Oliveira's team uses a matrix approach: AI agents combined with deterministic static analysis tools and runtime context to surface what matters. The combination allows them to tackle low-severity issues that previously sat untouched because AI can now reduce a two-hour fix to minutes, freeing capacity for the critical items.
Supervised, not autonomous
The agents are not running unsupervised. "We do supervise with our software engineers to make sure that the judgment is there and they can evaluate if the code generated and the checks that pass are good enough or bad," Oliveira says.
His team has spent three years shifting left so engineers work primarily from the IDE. MCP servers connect security and quality checks directly into the development environment, removing the friction that historically made developers skip security steps entirely.
Oliveira describes a model where agents handle the feature, request security and quality checks automatically, and then present results for human review. For higher maturity workflows, he favors a "judge and contrarian" pattern: two AI supervisors that challenge each other's output before code progresses.
"Mistakes will still happen because every engineer has made mistakes in the past," he says. "But if you have the right pieces in place, you can correct faster." The gap in trust between security leaders and agent autonomy remains the limiting factor for most organizations.
Liability moves faster than fixes
The legal dimension is tightening. Organizations are now formally aware of vulnerabilities they cannot patch in time, and regulatory windows are shrinking. Oliveira points to a pattern in supply chain attack data: most hits occur on Fridays, when teams are offline until Monday.
"In the last ten years, every CISO said we need to update our dependencies and keep things up to date," he says. "Now, because of this speed and the way supply chain injections are being done, we actually need to tell the opposite: you need to be aware of when you update your stuff."
His advice to CISOs runs upstream of tooling.

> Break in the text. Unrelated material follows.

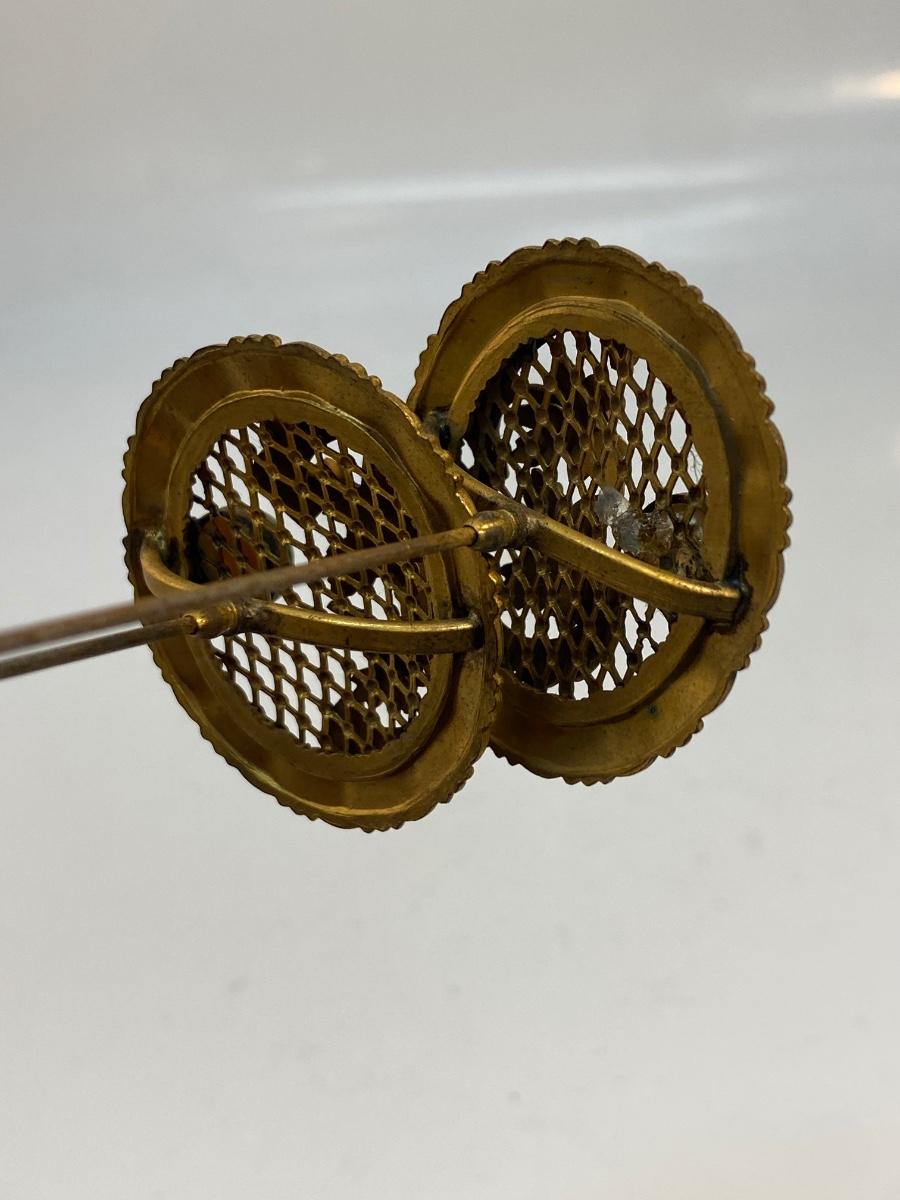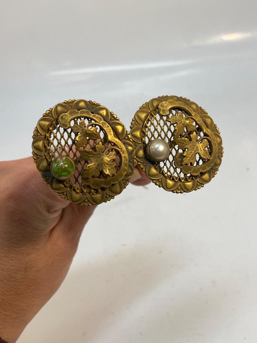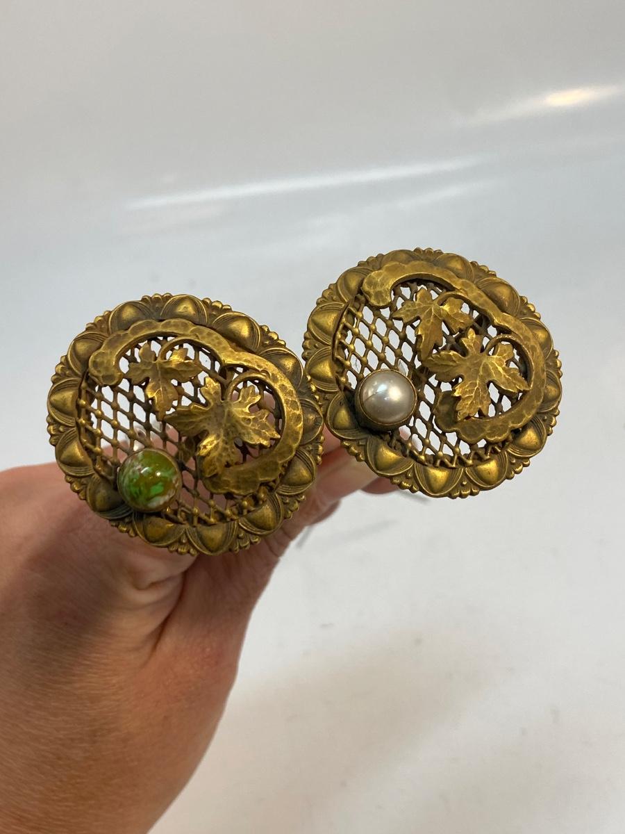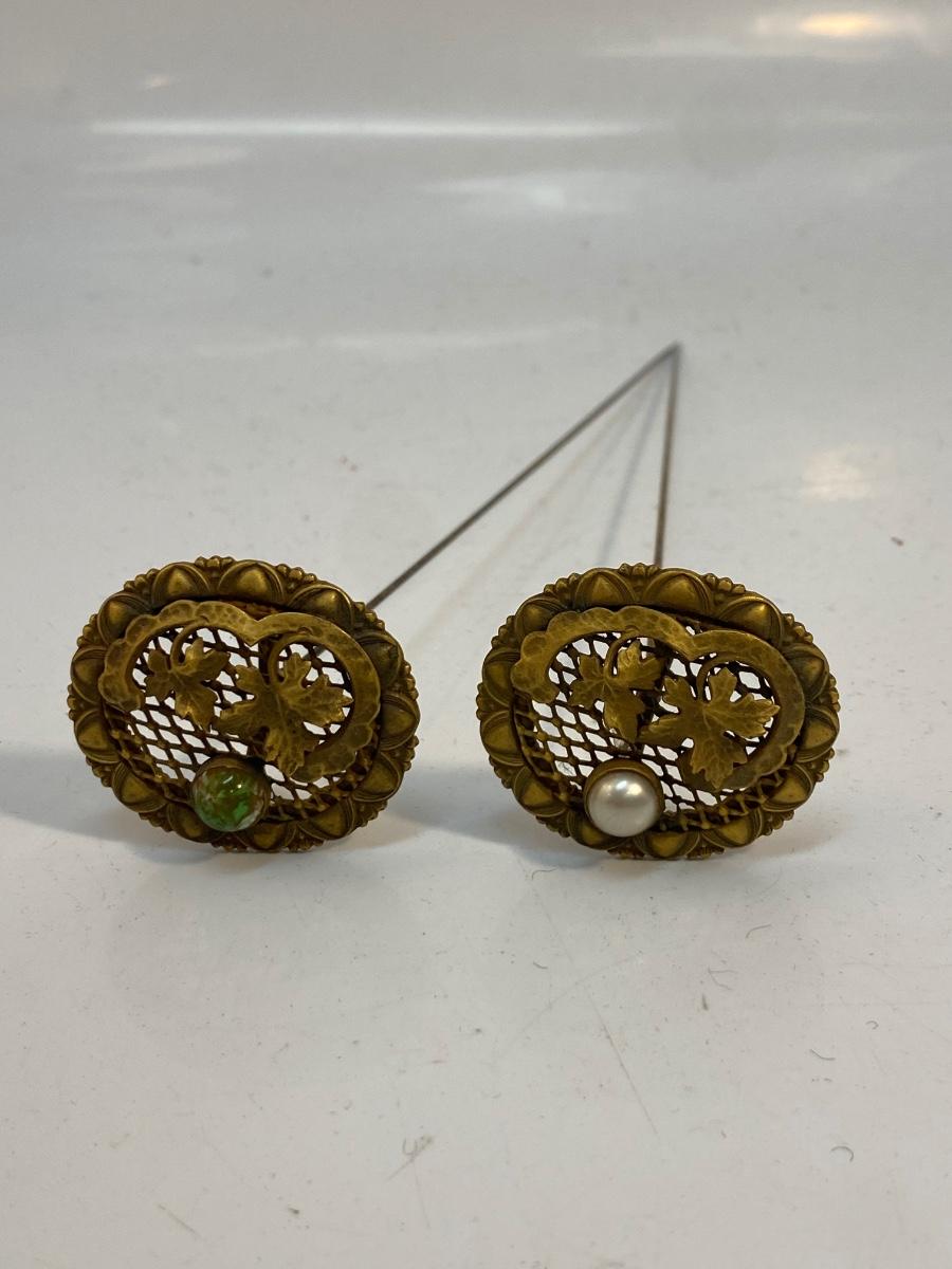 Pair of Matching Round Medallion Art Nouveau Antique Hat Stick Pins

Leadership needs to close the distance with the people who actually build and ship software. "Higher management is far away from the builders," Oliveira says. "They need to come closer. Otherwise, they will not respond in time because we are already at machine speed."
Skip-level meetings, open-door policies, and sitting in open office spaces rather than private offices are all mechanisms he has seen work. The common thread is removing layers between the people who make risk-based security decisions and the people who can actually execute them.
The views and opinions expressed are those of Eliel Oliveira and do not represent the official policy or position of any organization.